As many times as I’ve read this section, I’m still unsure of where she’s going with it. Is she implying that women are better at writing and therefore would not be good at coding? Or coders don’t need to be organized, imaginative, creative, or have any experience to do their job? However you slice it, none of the above is remotely accurate. In her attempt to compliment women by positing the act of writing code as a monotonous task that doesn’t require a higher level of thought, Hardaway neglects to mention that a systems architect or UX designer has to have that basic knowledge to do their inventive work.
In the wake of all that nonsense and WTF-inducing commentary, Hardaway closes out her essay with a rather reasonable demand (if you can get over her usage of coerce, that is):
Stop trying to coerce women to code. Instead, hire them for the talents they have that tech companies sorely need: marketing, leadership, human capital attraction, and negotiating skills. And then don’t sideline them by calling those “staff” instead of “line” functions. Instead, recognize that a product does not make a company, and that even in a company whose product is software, many other skills are required at which women have always excelled.
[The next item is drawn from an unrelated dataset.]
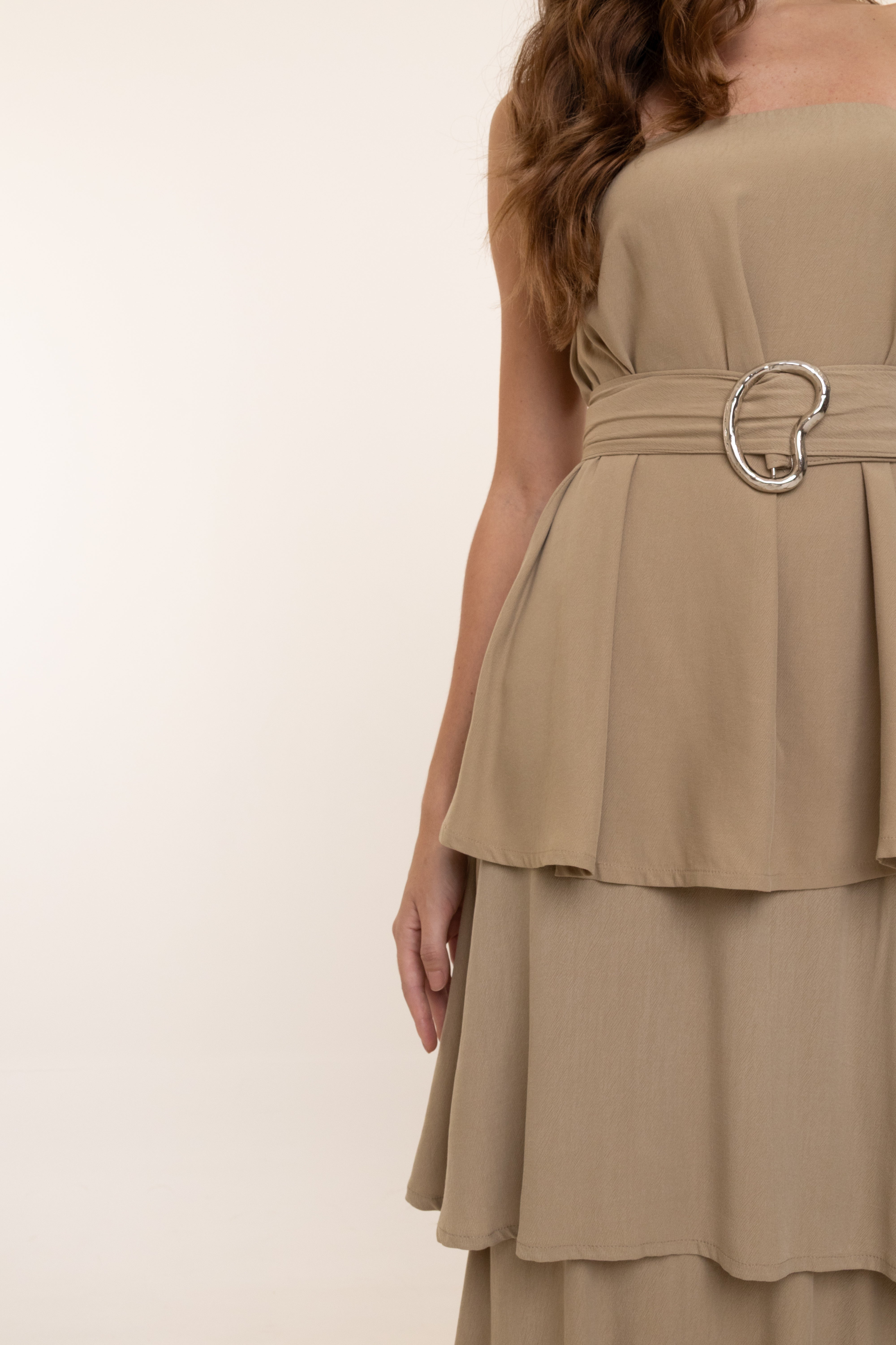 Confeccionado em 59% liocel e 41% viscose, com forro 100% poliéster, conforto e caimento impecável. Seu design 3 Marias adiciona volume e movimento, conferindo feminilidade e sofisticação ao look, perfeito para ocasiões especiais ou produções elegantes e modernas.

Though her choice of words could be a hell of a lot better, Hardaway does surface a valid point: In an industry where software reigns supreme, people working in other capacities—from marketing and HR to accounting and sales—can feel like their work isn’t as valued, that every effort is to simply support the product. And yes, of course—I shall acquiesce this point—there are a host of talented women that could be killing it in the tech world other than by coding.
However, Hardaway ruins it in the end:
"In other words, stop forcing women into the male mold and accept them for who they are."
Oh. And Hardaway used a photograph of Barbie to accompany her article. Sorry, I have to go vomit again.